I have yet to experience stage six, “Young,” and, having no experience in relationships, and very nervous about the crisis between intimacy and isolation. I fear being alone, because I, like every human, want to have a fulfilling relationship with somebody I really love. I hope that when the time comes, I will not be forced into getting married or having a relationship before I am ready for one. Transitioning into this stage is very serious, as it truly sets up the rest of my life and the lives of future individuals. I believe, emotionally and cognitively, that I will have matured much more and will be ready for a serious relationship with someone similar to me (but not too similar!).

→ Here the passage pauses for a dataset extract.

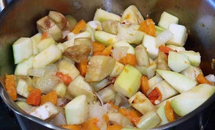 - Накриваємо кришкою і тушкуємо після закипання ще 30 хвилин на повільному вогні, періодично помішуючи. За цей час овочі дадуть сік і трохи зменшаться у розмірі.
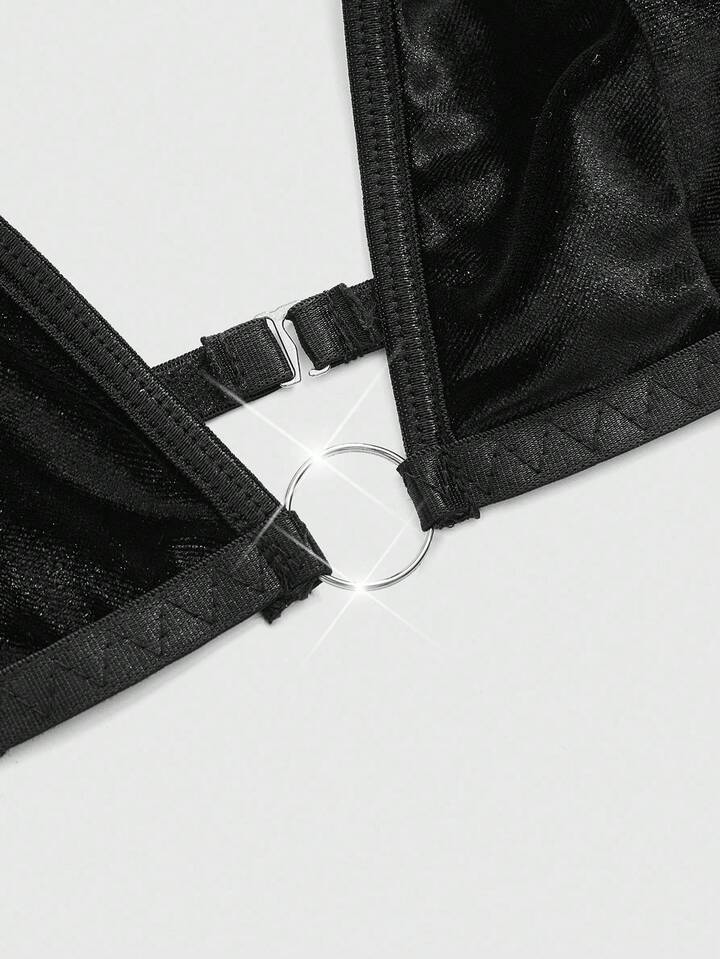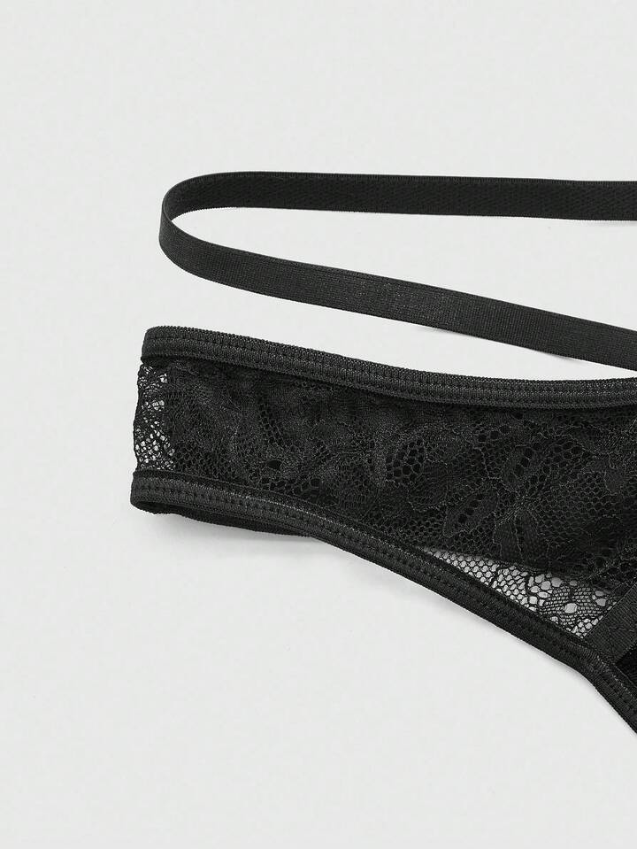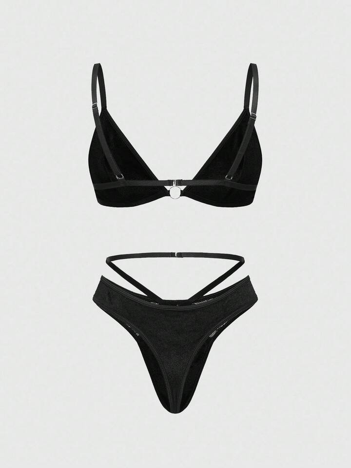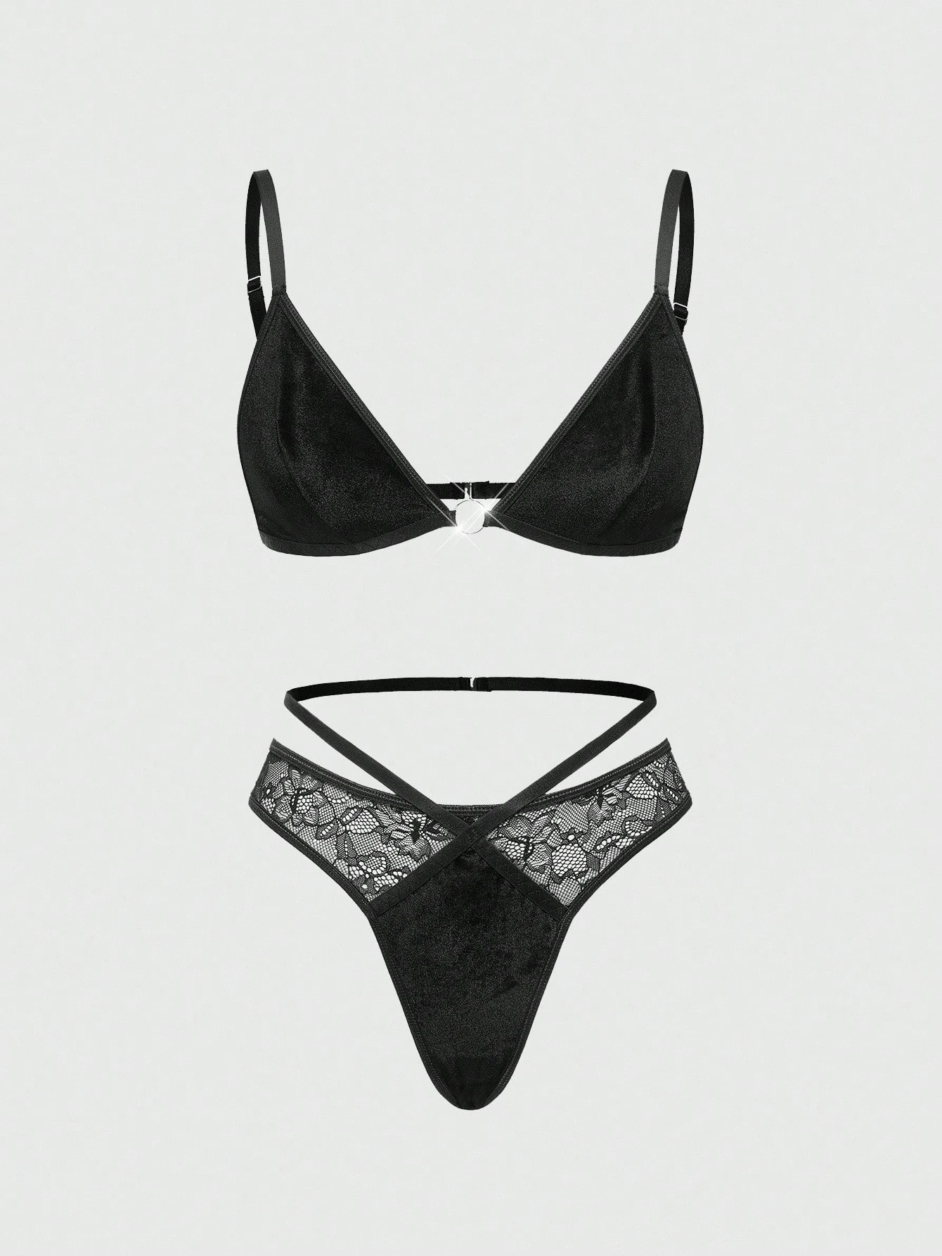 Gothic Dark Style Bralette & Lace Trim Thong Panty Set

During middle school was when I mostly went through puberty. The physical changes were a little difficult to deal with, as the word “puberty” itself is almost tabooed in middle school as different students deal with it their own, private ways. I moved from elementary school to middle school and again from middle school to high school, so I was faced with dealing with all sorts of different social groups and accepted behaviors. Frederick County (where my middle school was) is extremely different from Montgomery County. Upon arriving at Walter Johnson, I had absolutely no idea how I would fit in with the students here. I was part of the APEX program, but the students in APEX were just as diverse as the rest of the school that I didn’t immediately find a clique where I belonged. I had no idea what my identity was. In middle school, I had played lacrosse and done musical theater. But I wasn’t nearly good enough at lacrosse to join the team here, and the theater kids seemed much too intimidating. I constantly battled between finding an identity and role confusion, struggling every day to find the perfect path for me. I finally decided by junior year that performing arts was a very strong part of my identity, and it showed, as most of my friends have to do with STAGE. However, I understand that I don’t have to be exclusive in my friend choices. I have may other friends who don’t do STAGE, and yet we still share many interests together. I'm also now part of the SGA, which is an entirely different group, yet it has been very important to the formation of my identity, as I enjoy being given a sense of purpose and leadership. Once I found my identity in this aspect, I was much more satisfied and much happier.